Ella llevaba trenzas y calcetines
y él la esperaba cerca de la academia.
Ella llegaba justo cinco minutos tarde
y paseaban por el centro del parque.
Ella soñaba en él, él soñaba con ella
y en una casa azul, toda de amor y fiesta.
Esa sería su casa: los dos y el mundo afuera.
La construirían para una vida entera.
Él se marchó a estudiar. Ella se casó pronto.
Ella tuvo dos hijos. Él también, y trabajo.
Ella sufría jaquecas y nervios alterados.
Él, de cansancio y miedo al infarto.
Y hoy, en una esquina, al fin, después de tantos años,
hoy, por casualidad, se han encontrado.
Ella llevaba niños.

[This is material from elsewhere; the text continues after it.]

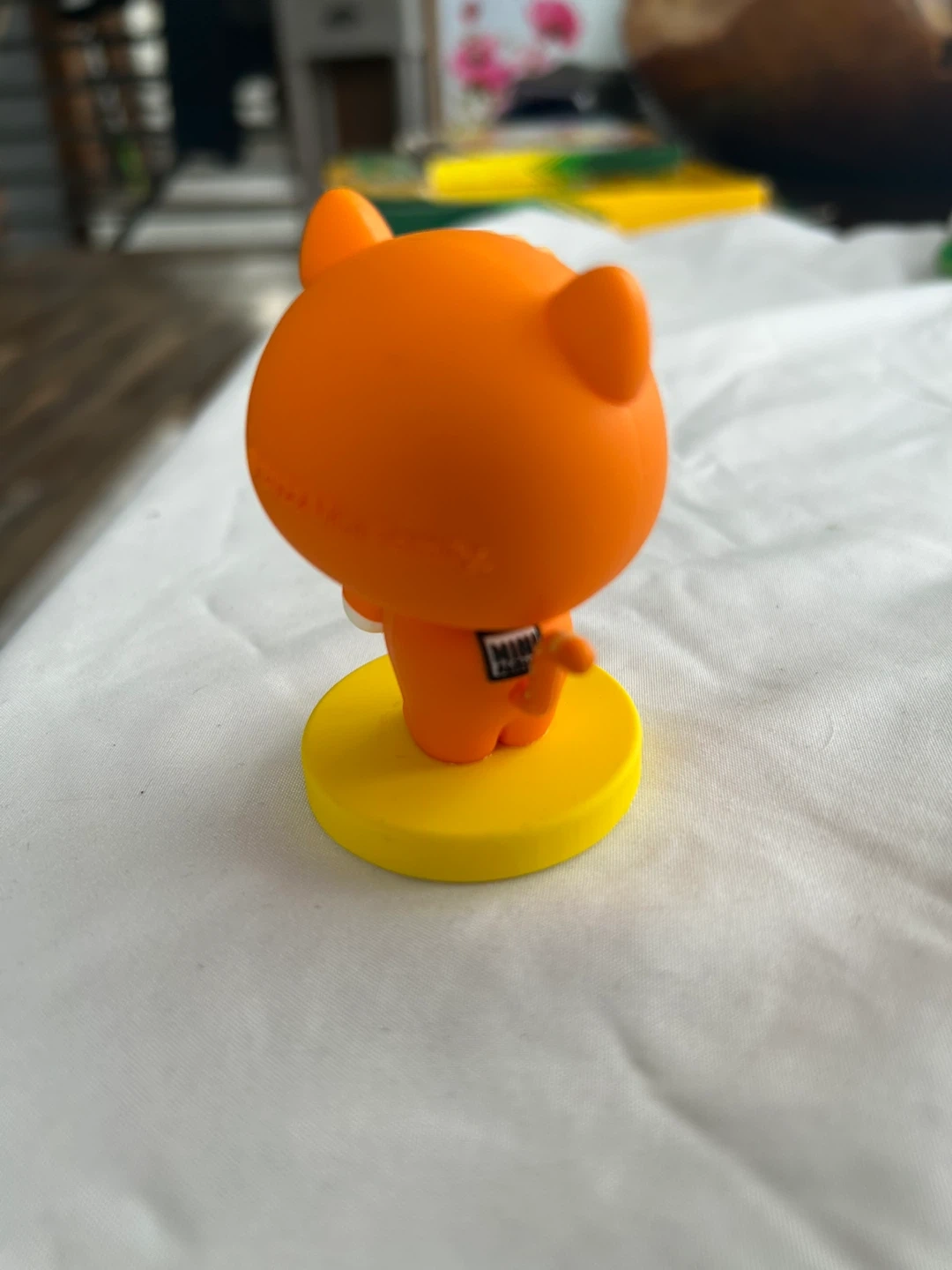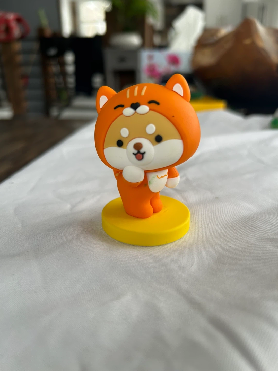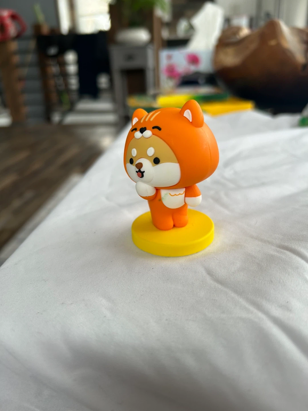 Cute orange Shiba Inu figurine with a hood, wearing a white shirt. It's standing on a yellow circular base. Great for desks or collectors!
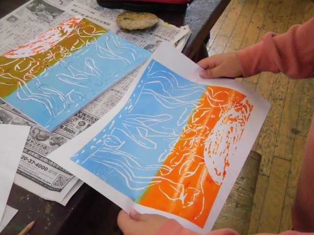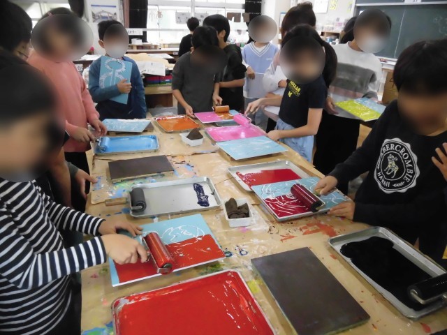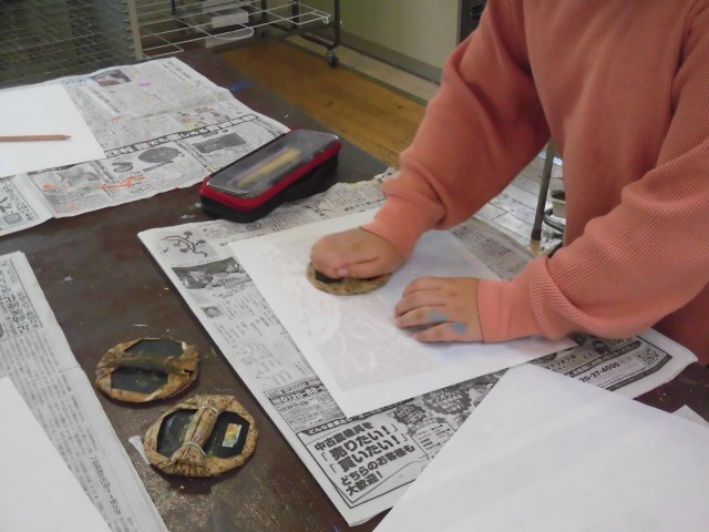 4年生の図工では「彫って表す不思議な花」の作品を制作しています。彫刻刀で彫った版が出来上がり、今日は図工室でインクをつけて刷りました。ローラーで端までしっかりと丁寧にインクをつけたり、ばれんを紙の上でを丁寧に動かして刷る様子が見られました。真剣な眼差しで一生懸命に取り組むことができました。初めてできた作品にはどれも不思議なきれいな花が咲きました。出来上がった作品を見て、笑顔があふれていました。

El, su tiempo contado.
Se sonrieron, apenas sí se hablaron.
Ahora piensan los dos en lo que hubiera sido
una vida en común como la que soñaron
en una casa suya, con niños buenos y guapos,
enamorados como entonces juraron.
Y se sienten terrible y hermosamente tristes
por lo que pudo ser y que no ha sido.
Pero es mentira. También eso es mentira.
Nadie es distinto a como se ha construido.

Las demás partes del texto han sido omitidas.